Indian Study Reveals That Of 2896 Human Host Proteins That Interact With 29 SARS-CoV-2 Proteins, 176 Host Genes Interacts With All Viral Proteins!
Nikhil Prasad Fact checked by:Thailand Medical News Team Apr 20, 2024 1 week, 5 days, 16 hours, 25 minutes ago
COVID-19 News: The COVID-19 pandemic has sparked an unprecedented wave of scientific inquiry into the intricacies of the SARS-CoV-2 virus and its interactions with human host cells. Among the myriad research endeavors, a collaborative effort that is covered in this
COVID-19 News report, involving esteemed institutions such as the All India Institute of Medical Sciences (AIIMS) in Delhi, the Indian Institute of Technology (IIT) in Hauz Khas, New Delhi, King Abdulaziz University in Saudi Arabia, University of Jeddah in Saudi Arabia, Jawaharlal Nehru University in New Delhi, India, and the University of Pittsburgh Medical Center in the USA has yielded groundbreaking insights into the molecular landscape of COVID-19.

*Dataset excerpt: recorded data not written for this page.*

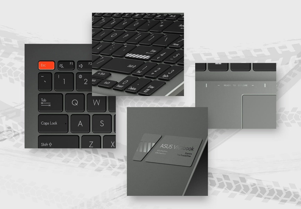 Nowy projekt wypustki z logo i chłodne, miejskie kolory dodają emocji temu całkowicie metalowemu laptopowi. Vivobook S 16X jest zawsze gotowy do odkrywania tego ekscytującego i oszałamiającego świata. Ekspresyjny design jest kontynuowany pod pokrywą, gdzie akcenty w paski na klawiszu Enter zajmują centralne miejsce. Odkryj każdą możliwość dzięki zawiasowi 180°, który znacznie ułatwia dzielenie się fascynującymi pomysłami z otoczeniem. Klawisz ESC z blokami kolorów Warning Orange i napisem Vivobook na podpórce pod nadgarstki kontynuują temat, nawiązując do pionierskiej postawy Twojego nowego wspaniałego świata.
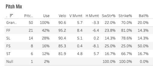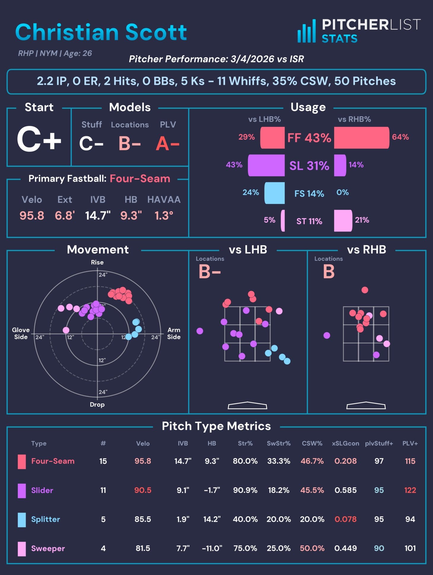 Scott’s fastball kinda sucked, then, right? It’s his first start back, so yeah - grain of salt or whatever, but we do really prefer high stuff marks on four-seamers. Stuff+ on other pitches, I don’t really care about. It’s also a constantly moving target. Hitters are getting better against pitches they used to be really bad at, and that causes Stuff models to mislead. But it’s still useful stuff, especially in these specific situations where you have a guy with very little recent data, and you’re trying to make some educated guesses.
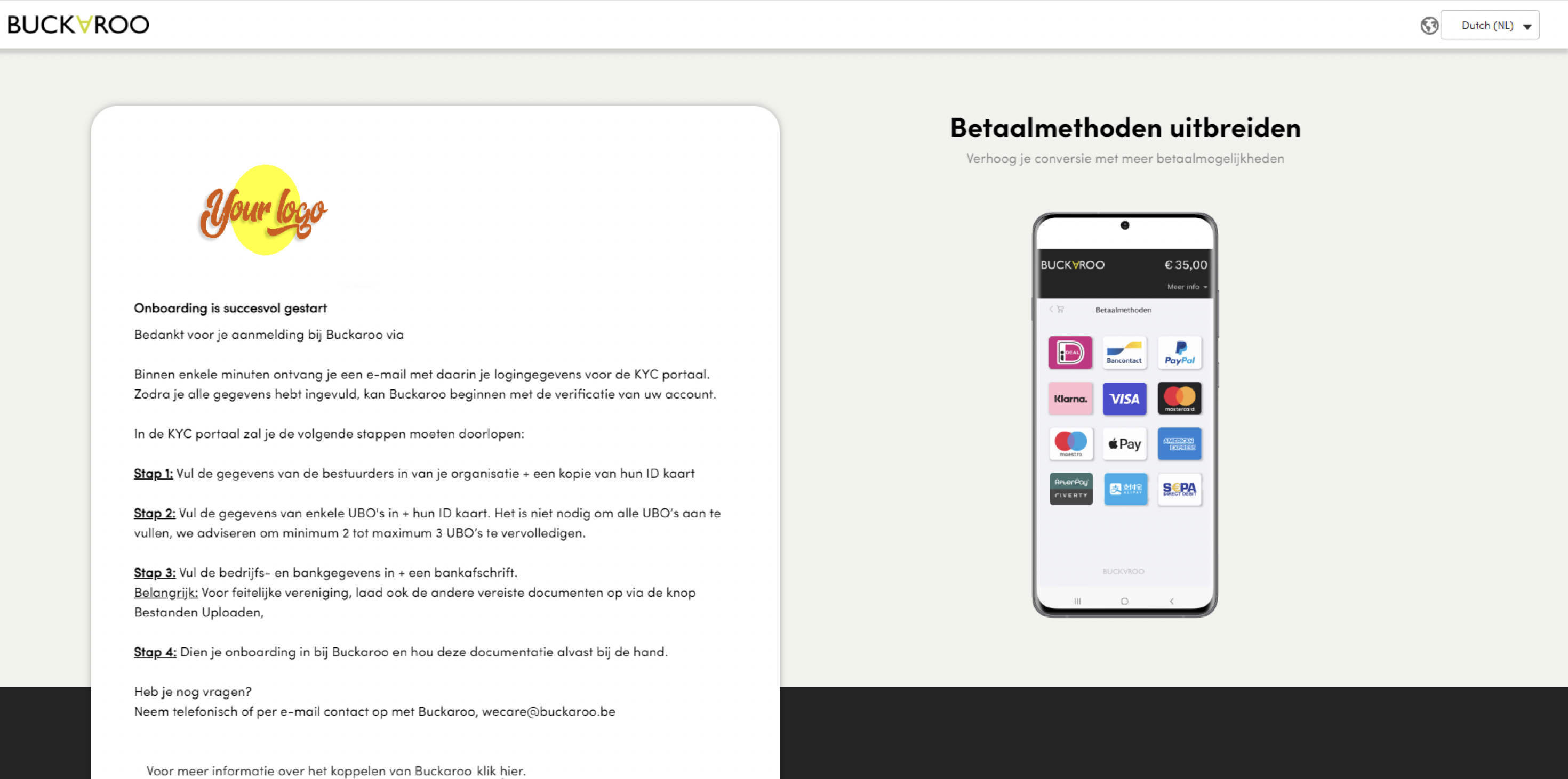 Now you’ve successfully started the onboarding at Buckaroo you are required to partake in a ‘KYC’ check. Know Your Customer, or KYC, is a requirement that banks and payment providers follow when a customer opens an account. It exists for security purposes to ensure that users are who they say they are and that the funds received won’t be used for money laundering, terrorism, or other illegal actions.

Of 2896 Human Host Proteins That Interact With 29 SARS-CoV-2 Proteins, 176 Host Genes Interacts With All Viral Proteins
Gene ontology analysis of the identified 176 host proteins showing direct interaction with viral proteins
Study Design and Methodology
Employing a sophisticated network-based approach, the study meticulously constructed a complex network comprising 29 SARS-CoV-2 proteins and their interactions with 2896 human host proteins. This analytical framework aimed to unravel the intricate web of molecular interactions underpinning viral infection pathways. Notably, the study identified 176 host genes that exhibited interactions with all 29 viral proteins, indicative of their pivotal roles in the virus-host interplay.

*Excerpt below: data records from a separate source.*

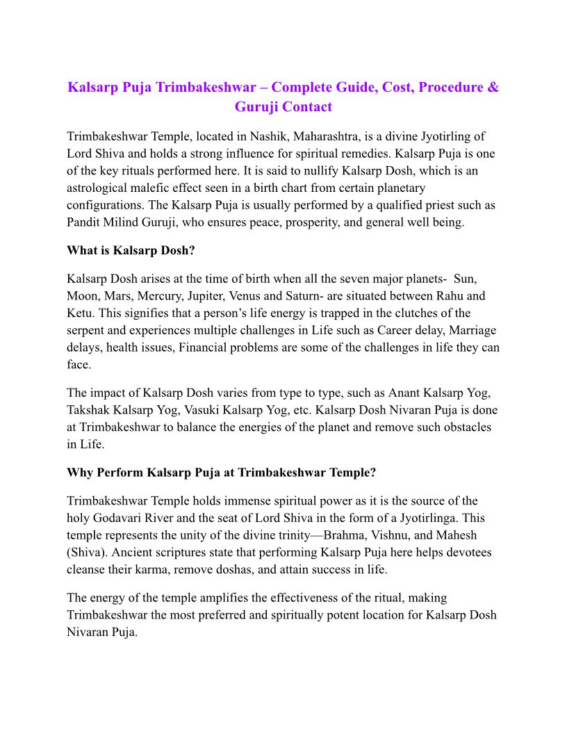 Kalsarp Puja Trimbakeshwar – Complete Guide, Cost, Procedure & Guruji Contact
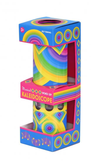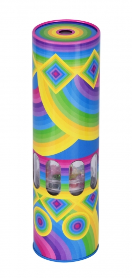 Великий калейдоскоп у формі циліндра, який вироблений із металу вкритого яскравими різнокольоровими фарбами. Знизу іграшка має заводний ключ, в центральній частині калейдоскоп оснащений прозорими віконцями із пластику, через які потрапляє світло.
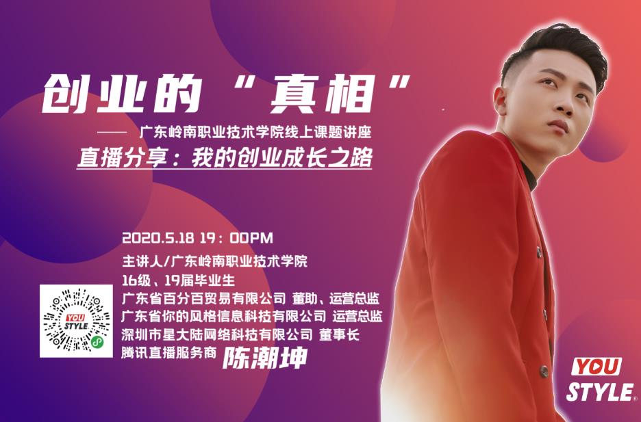 2020年5月19日晚上7点,19届毕业生陈潮坤师兄在自己的直播公司给师弟师妹们分享了自己的创业成长之路!学院包含2020级的新生共3000多名学生参与了在线交流。
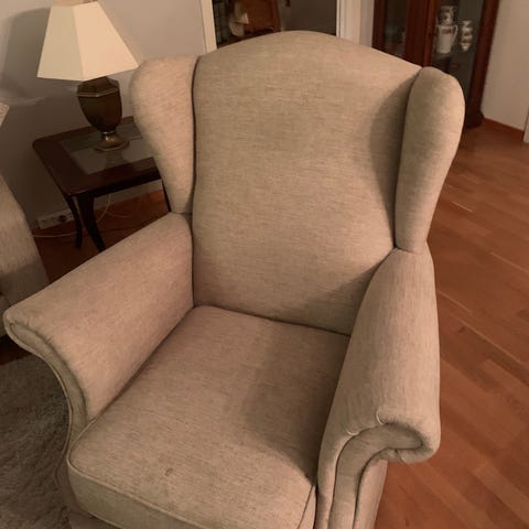 Lysebrun sofa selges. Må hentes og bæres ut selv. Har noen bruksmerker på hver side av sofaen etter litt kloring fra katt. Ingen dype skader på sofaen.
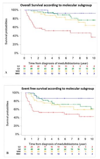 Despite the advances in MB therapy, relapsed MB represents a major therapeutic challenge in pediatric neuro-oncology patients. Outcome after relapse remains variably poor with survival rates less than 10% at 5 years, except in patients who did not receive RT at diagnosis [12,13,14,15]. Interestingly, Ramaswamy et al. [16] showed that relapsed tumors retain their original molecular characteristics and that the pattern of relapse is subgroup dependent.
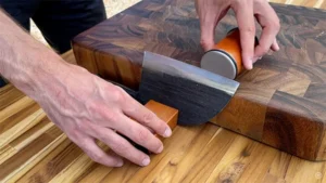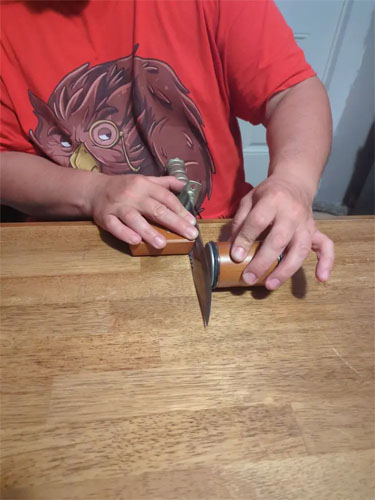 Για υψηλότερα μαχαίρια, όπως ένα μεγάλο κινέζικο μαχαίρι σεφ, τοποθετήστε ένα προστατευτικό ή κάποιο κοπής κάτω από τον ακονιστή δίσκο για να ανυψώσετε την αιχμή στο επίπεδο της κοπής.
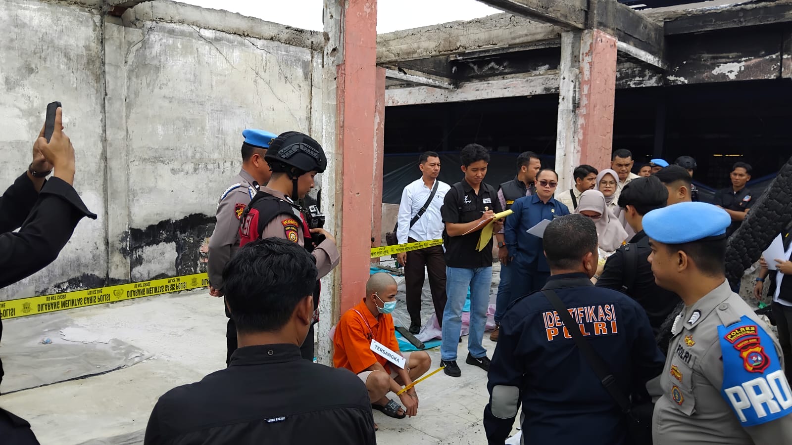 ” Saat kejadian, tersangka I (i) yang beralamat (sesuai KTP) di Padang Data Tanah Mati Kecamatan Payakumbuh Barat dan berdomisili di Lintau Buo Utara Kabupaten Tanah Datar naik ke ex. gedung Aprilia dengan memanjat dinding pada pukul 01.30 dinihari, setelah mulai berhalusinasi karena lem yang dihisap, ia berjalan mondar-mandir selama satu jam, ia kembali ke ex. Aprilia dan menghisap lem. Sekitar pukul 03.30 Wib karena merasa dingin, tersangka berinisiatif membuat api unggun didekat bangunan Aprilia dengan mengumpulkan plastik bekas lem,”tambahnya.
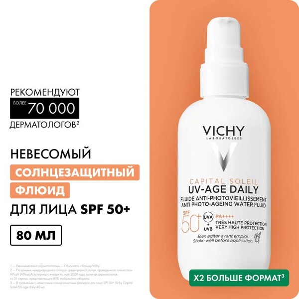 Более 80% признаков старения кожи вызваны ежедневным воздействием инфракрасного излучения и негативных факторов окружающей среды. Невесомый солнцезащитный флюид UV-AGE DAILY обеспечивает очень высокую степень UVA- и UVB-защиты благодаря системе UV-фильтров SPF50+, PA++++ (UVA-PF 46). Инновационная формула* средства, усиленная вулканической термальной водой VICHY, пробиотической фракцией, пептидом и ниацинамидом, защищает от признаков фотостарения кожи – снижения эластичности, пигментации и преждевременных морщин. Запатентованная технология Netlock создает на поверхности кожи невесомое и невидимое покрытие. Легкая нелипкая текстура флюида не ощущается на коже и устойчива к поту. Протестировано под дерматологическим и офтальмологическим контролем. Гипоаллергенно. Подходит для чувствительной кожи. Не раздражает слизистую глаз.
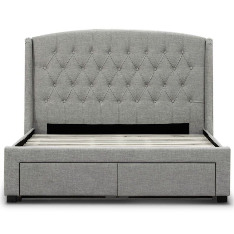 Now is the time to transform your bedroom into an ultra-luxurious retreat. Fill your personal space with this beautiful double bed with 4 drawers having an eye-catching look and design. The magnificent furniture piece in stone colour is made of sustainably harvested MDF wood, and special particle board. MDF wood is known for its resilience to moisture damage and great strength. Fully upholstered in soft polyester, the bed features thick foam and a comfortable bedhead with tufting and classy details. Robust legs made of rubber wood, strong slats, and central support provide the bed with toughness and great durability. The slats give it an excellent weight-bearing capacity. Not only that, 4 spacious drawers - 2 footboard drawers and 2 side drawers' maximize storage space, giving the bed great usability. All the drawers have full metal extension runners that help you keep the room tidy and well organized. The double-size bed that goes well with a variety of interior decor styles comes with a one-year warranty.
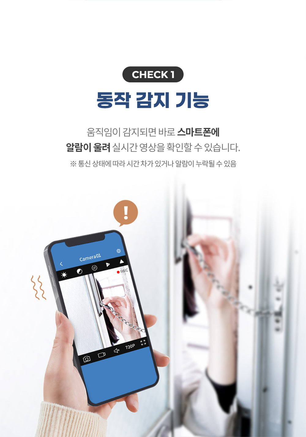 - 동작 감지 알림 : 움직임이 감지되면 스마트폰에 알림 전송.

Exploring Biological Processes and Pathways
Gene ontology and pathway analyses were instrumental in elucidating the biological processes in which these host proteins are intricately involved. Key processes highlighted by the analyses included translation, mRNA splicing, ribosomal pathways, and cytoplasmic translation. These findings underscored the multifaceted nature of host-virus interactions and provided crucial insights into the molecular mechanisms driving COVID-19 pathogenesis.
Identification of Hub Genes
Within the intricate network of protein-protein interactions (PPI), five hub genes emerged as central players: EEF2, RPS3, RPL9, RPS16, and RPL11. These hub genes exhibited significant connectivity within the disease-associated network, indicating their critical roles in orchestrating molecular responses during viral infections. Further analysis revealed that these hub genes are primarily involved in ribosomal pathways, cytoplasmic translation, and mRNA splicing, underscoring their importance in COVID-19 pathogenesis.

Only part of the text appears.